The tubular irrigation device according to the present disclosure comprises a circular multilayer polymeric structure having one or more layers of woven polymeric thermoplastic materials, one or more layers of thermoplastic polymeric materials and one or more layers of polymeric waterproofing materials in film form.

In an embodiment the device disclosed herein is a tubular irrigation device, such as a sleeve or pipe, includes one or more layers of thermoplastic polymeric woven materials which are found in the outermost part of tubular device; one or more layers of thermoplastic polymeric materials which are found in the middle of the multilayer polymer film; and one or more layers of polymeric waterproofing materials which are found in the innermost part of the tubular device.

In an embodiment the device disclosed herein is a tubular irrigation device, such as a sleeve or pipe, comprising a circular multilayer polymeric structure, wherein the polymeric structure comprises an outer layer and an inner layer; the outer layer comprises one or more layers of a woven polymeric thermoplastic material selected from polypropylene and polyethylene; and the inner layer comprises a multilayer polymeric thermoplastic film having an adhesive layer and a waterproof layer.

In an embodiment the device disclosed herein is a tubular irrigation device, such as a sleeve, tube, or pipe, wherein the waterproof layer is selected from a polypropylene or polyethylene film.

In an embodiment the device disclosed herein is a tubular irrigation device, such as a sleeve, tube, or pipe, wherein the adhesive layer comprises one or more layers of a thermoplastic polymeric material selected from a multilayer extruded film of polyethylene (e.g., LDPE, HDPE, LLDPE) and EVA resin, an extruded copolymer blend of polyethylene and polypropylene, and an extruded polyethylene polymer blend.

In an embodiment the device disclosed herein is a tubular irrigation device, such as a sleeve, tube, or pipe, wherein the one or more layers of woven polymeric thermoplastic materials are the outermost layer of the tubular device; the one or more waterproof layers of the polymeric thermoplastic film are the innermost layer of the tubular device; and the adhesive layer of thermoplastic polymeric film is between the woven polymeric thermoplastic material and the waterproof thermoplastic layer of the polymeric film and adheres the inner multilayer thermoplastic film to the outer woven polymeric layer.

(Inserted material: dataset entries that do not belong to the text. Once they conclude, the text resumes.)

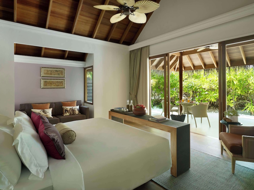 When you stay at Dusit Thani Maldives in Mudhdhoo, you'll be on the waterfront and within the vicinity of Kihaadhuffaru Island Pier and Kihaadhuffaru Island Beach. This 5-star resort is within the vicinity of Dharavandhoo Mosque and Hanifaru Bay. Make yourself at home in one of the 94 individually decorated guestrooms, featuring refrigerators and LCD televisions. Rooms have private furnished patios. Wired and wireless Internet access is complimentary, while iPod docking stations and satellite programming provide entertainment. Partially open bathrooms with separate bathtubs and showers feature deep soaking bathtubs and rainfall showerheads. Pamper yourself with a visit to the spa, which offers massages, body treatments, and facials. After a day at the private beach, you can enjoy other recreational amenities including outdoor tennis courts and an outdoor pool. Additional features at this Beaux Arts resort include complimentary wireless Internet access, concierge services, and babysitting/childcare (surcharge). Enjoy international cuisine at The Market, one of the resort's 3 restaurants, or stay in and take advantage of the 24-hour room service. Relax with a refreshing drink at the beach bar, the poolside bar, or one of 2 bars/lounges. Featured amenities include a 24-hour business center, complimentary newspapers in the lobby, and dry cleaning/laundry services.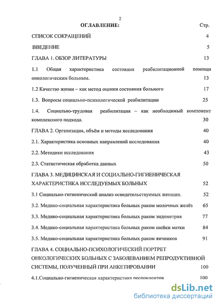 В диссертации так же освещены вопросы социально-психологической реабилитации онкогинекологических больных, приоритетности и последовательности методов медицинской, психологической и социальной реабилитации женщин. Поэтому работа в этом направлении, несомненно, актуальна.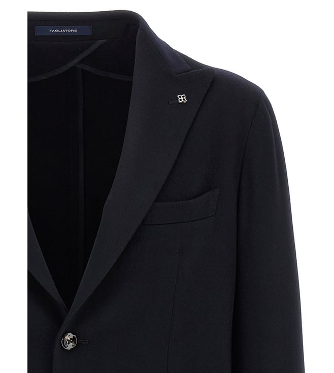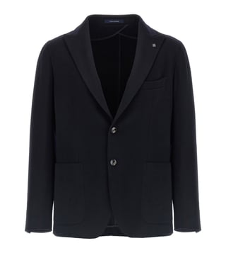 Elevate your style with the Tagliatore Black Blazer. Blazer jacket, single-breasted deconstructed with front button closure, unlined, peak lapels with removable metal brooch, breast pocket, patch pockets, cuffs with open buttonholes, back vents. True to size fit. Products purchased from Darveys are supported exclusively by the warranty/exchange policies of Darveys and its partner boutiques. Brand owners and their channel partners are not responsible for exchange/warranty services for items purchased through Darveys.

In an embodiment the device disclosed herein is a tubular irrigation device, such as a sleeve, tube, or pipe, wherein the adhesive layer comprises a multilayer extruded film of polyethylene and EVA resin.

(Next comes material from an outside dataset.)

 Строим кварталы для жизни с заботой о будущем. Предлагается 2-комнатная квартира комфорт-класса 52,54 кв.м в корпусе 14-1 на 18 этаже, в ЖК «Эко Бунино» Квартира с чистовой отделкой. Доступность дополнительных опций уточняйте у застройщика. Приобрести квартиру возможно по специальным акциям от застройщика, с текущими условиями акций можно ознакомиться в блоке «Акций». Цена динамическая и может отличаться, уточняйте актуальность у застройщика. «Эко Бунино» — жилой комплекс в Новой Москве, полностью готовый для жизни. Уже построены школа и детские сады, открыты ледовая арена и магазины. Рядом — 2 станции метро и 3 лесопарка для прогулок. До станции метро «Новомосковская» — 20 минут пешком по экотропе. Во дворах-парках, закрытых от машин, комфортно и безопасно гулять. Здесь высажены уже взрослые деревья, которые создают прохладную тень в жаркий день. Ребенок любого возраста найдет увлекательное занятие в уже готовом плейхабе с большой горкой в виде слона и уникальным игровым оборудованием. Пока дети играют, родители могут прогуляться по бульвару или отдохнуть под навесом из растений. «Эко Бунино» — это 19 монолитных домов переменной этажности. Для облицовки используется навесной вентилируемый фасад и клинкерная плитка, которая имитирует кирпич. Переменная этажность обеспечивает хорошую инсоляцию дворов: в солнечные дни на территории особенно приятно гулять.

In an embodiment the device disclosed herein is a tubular irrigation device, such as a sleeve, tube, or pipe, wherein the adhesive layer comprises a copolymer blend of polyethylene and polypropylene.

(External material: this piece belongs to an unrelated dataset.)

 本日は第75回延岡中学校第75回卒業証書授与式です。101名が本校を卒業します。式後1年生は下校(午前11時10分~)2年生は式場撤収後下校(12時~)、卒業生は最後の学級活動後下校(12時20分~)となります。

The tubular irrigation device of claim 1, wherein the adhesive layer comprises an extruded polyethylene polymer.

In an embodiment the device disclosed herein is a tubular irrigation device, such as a sleeve, tube, or pipe, wherein the one or more layers of woven polymeric thermoplastic materials have a basis weight of from 50 to 200 g/m ² .

In an embodiment the device disclosed herein is a tubular irrigation device, such as a sleeve, tube, or pipe, wherein the one or more layers of thermoplastic polymeric materials have a basis weight of from 15 to 35 g/m ² .

In an embodiment the device disclosed herein is a tubular irrigation device, such as a sleeve, tube, or pipe, wherein the one or more layers of polymeric waterproofing materials have a basis weight from 25 to 70 g/m ² .

In an embodiment the device disclosed herein is a tubular irrigation device, such as a sleeve, tube, or pipe, wherein the one or more layers of woven polymeric thermoplastic materials have a basis weight of 50 - 200 g/m ² ; the one or more layers of thermoplastic polymeric materials have a basis weight of 15 to 35 g/m ² and the one or more layers of polymeric waterproofing materials have a basis weight of 25 to 70 g/m ² .

In an embodiment the device disclosed herein is a tubular irrigation device, such as a sleeve, tube, or pipe, wherein the tubular body has a diameter of from 5 inches to 50 inches.

In an embodiment the device disclosed herein is a tubular irrigation device, such as a sleeve or pipe, wherein the device further contains an ultraviolet (UV) radiation protection additive.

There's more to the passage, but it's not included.